To add new or update testing data, such as a new baseline for this block:

dataset_name = "cthead1"
image = input_images[dataset_name]
baseline_name = "2_4/XARRAY_COARSEN"
multiscale = to_multiscale(image, [2, 4], method=Methods.XARRAY_COARSEN)
verify_against_baseline(test_data_dir, dataset_name, baseline_name, multiscale)

Add a store_new_image call in your test block:

dataset_name = "cthead1"
image = input_images[dataset_name]
baseline_name = "2_4/XARRAY_COARSEN"
multiscale = to_multiscale(image, [2, 4], method=Methods.XARRAY_COARSEN)

store_new_image(dataset_name, baseline_name, multiscale)

verify_against_baseline(dataset_name, baseline_name, multiscale)

Run the tests to generate the output.

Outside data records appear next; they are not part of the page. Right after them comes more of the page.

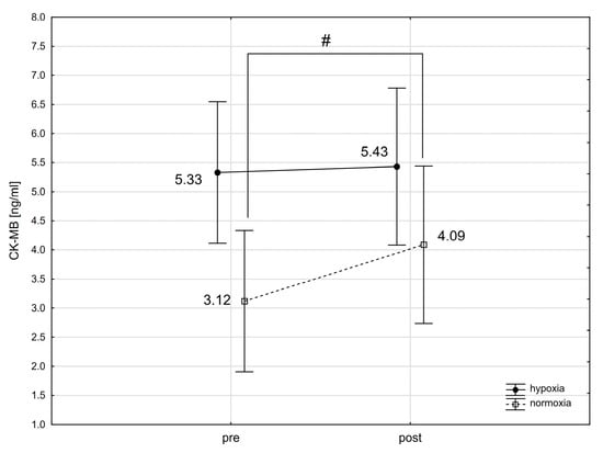 Previous research on the CK-MB response to physical exercise has shown an increase in CK-MB levels during and after both prolonged endurance activities [,], short bouts of high-intensity effort [,], and resistance training []. However, there have been a few instances where studies reported no change or even a reduction in CK-MB activity post-exercise compared to resting levels []. Our study found that CK-MB levels remained largely unchanged after a single session of exercise in hypoxia, while exercise in normoxia resulted in a slight increase in CK-MB (p < 0.07). These variations could be attributed to the different relative loads applied in interval exercises. In our study groups, the relative load (%VO2max) was tailored to the specific conditions (normoxia vs. hypoxia; refer to the methodology section). Consequently, in hypoxic conditions, participants engaged in mechanically less demanding work (approximately 10% lighter), which could explain the diminished CK-MB response to the exercise [,]. Moreover, the significant difference in baseline CK-MB concentrations before exercising in hypoxic and normoxic conditions (5.33 vs. 3.12 ng/mL) could have influenced the observed post-exercise changes in CK-MB levels.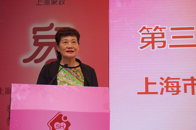 原上海市计生委主任及上海市家庭服务业行业协会会长谢玲丽讲话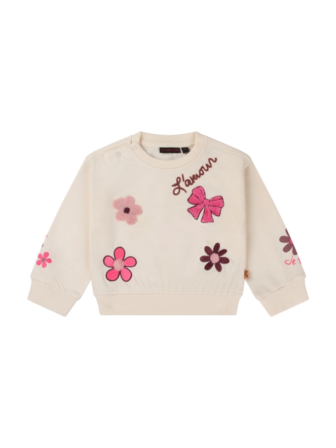 L'amour, Je taime.... Deze sweater staat vol met geborduurde, opgedrukte en appliek opdrukjes. Zoete sweater voor zoete meisjes.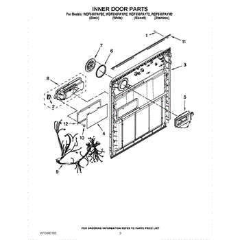 The Inner Door Panel is an OEM part for Whirlpool dishwashers. Located inside the dishwasher door, this hard-wearing panel protects internal components from impact during loading.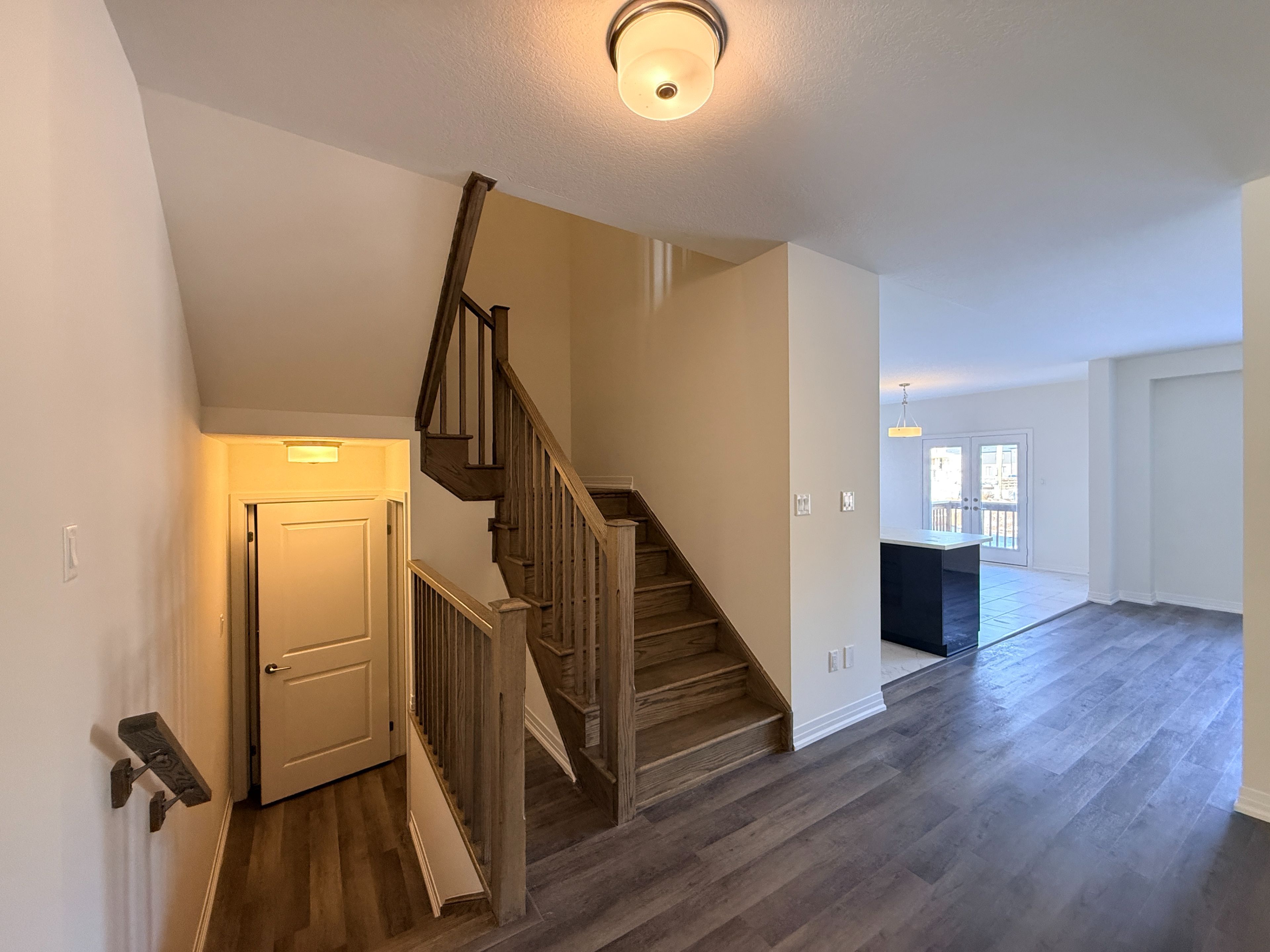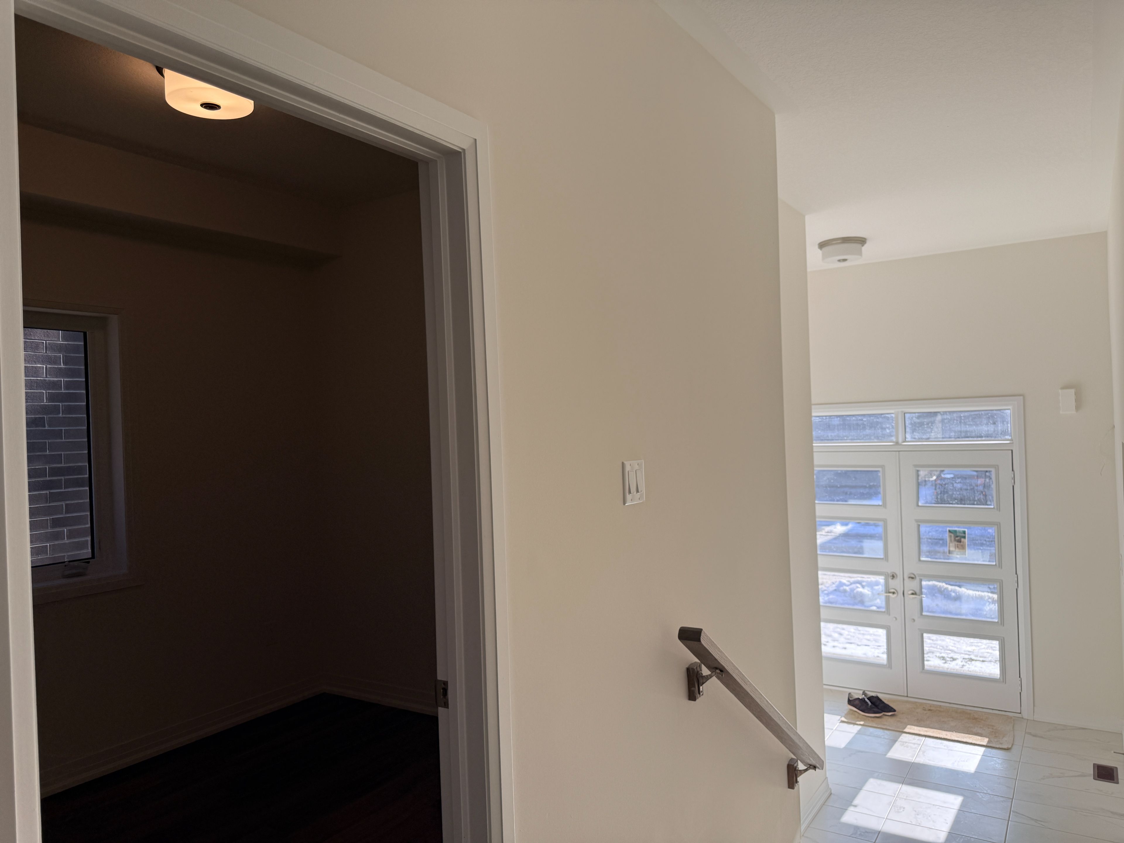Be the first to enjoy this brand-new, over 3,000 sq. Ft. Home located in brantford's newest development. This stunning 5-bedroom, 4-bathroom residence is surrounded by nature trails along the grand river and offers easy access to hwy 403 via the grand oak exit. Built with quality and comfort in mind, this home is filled with natural light throughout. The modern design features 9' ceilings on both the main and second floors. A welcoming front porch leads to a spacious foyer with 10' ceilings, glass doors, and a coat closet. The main hallway showcases a hardwood staircase and an open-to-above design. The open-concept great room features transom windows that maximize natural light and flows into a bright corner living area with four large windows overlooking mature trees. The new high-gloss kitchen offers ample counter space, a breakfast bar seating four, and a breakfast area with a walkout to the deck and backyard. The main floor also includes a laundry room with new appliances coming soon and inside access to the garage. The oversized double garage is bright and airy, complete with glass doors. Upstairs, a sun-filled hallway with a large window leads to the bedrooms. The spacious primary suite features multiple windows, a luxurious ensuite with a freestanding tub and separate shower, and an oversized walk-in closet. The second, third, and fourth bedrooms are generously sized, while the fifth bedroom offers its own private 4-piece ensuite and walk-in closet. Hardwood stairs lead to a large, bright basement with a rough-in for an additional bathroom, offering excellent future potential. Brantford offers via rail service to toronto's union station, access to conestoga college, six nations polytechnic, and wilfrid laurier university, along with a strong industrial base and a beautiful natural setting along the winding grand river.

Remove the store_new_image call.

Then, create a tarball of the current testing data

cd test/data
tar cvf ../data.tar *
gzip -9 ../data.tar
python3 -c 'import pooch; print(pooch.file_hash("../data.tar.gz"))'

Update the test_data_sha256 variable in the test/_data.py file. Upload the data to web3.storage. And update the test_data_ipfs_cid Content Identifier (CID) variable, which is available in the web3.storage web page interface.

Submit the patch

We use the standard GitHub flow.

Create a release

This section is relevant only for maintainers.

  1. Pull git's main branch.
  2. pixi install -a
  3. pixi run pre-commit-install
  4. pixi run -e test test
  5. pixi shell
  6. hatch version <new-version>
  7. git add .
  8. git commit -m "ENH: Bump version to <version>"
  9. hatch build
  10. hatch publish
  11. git push upstream main
  12. Create a new tag and Release via the GitHub UI. Auto-generate release notes and add additional notes as needed.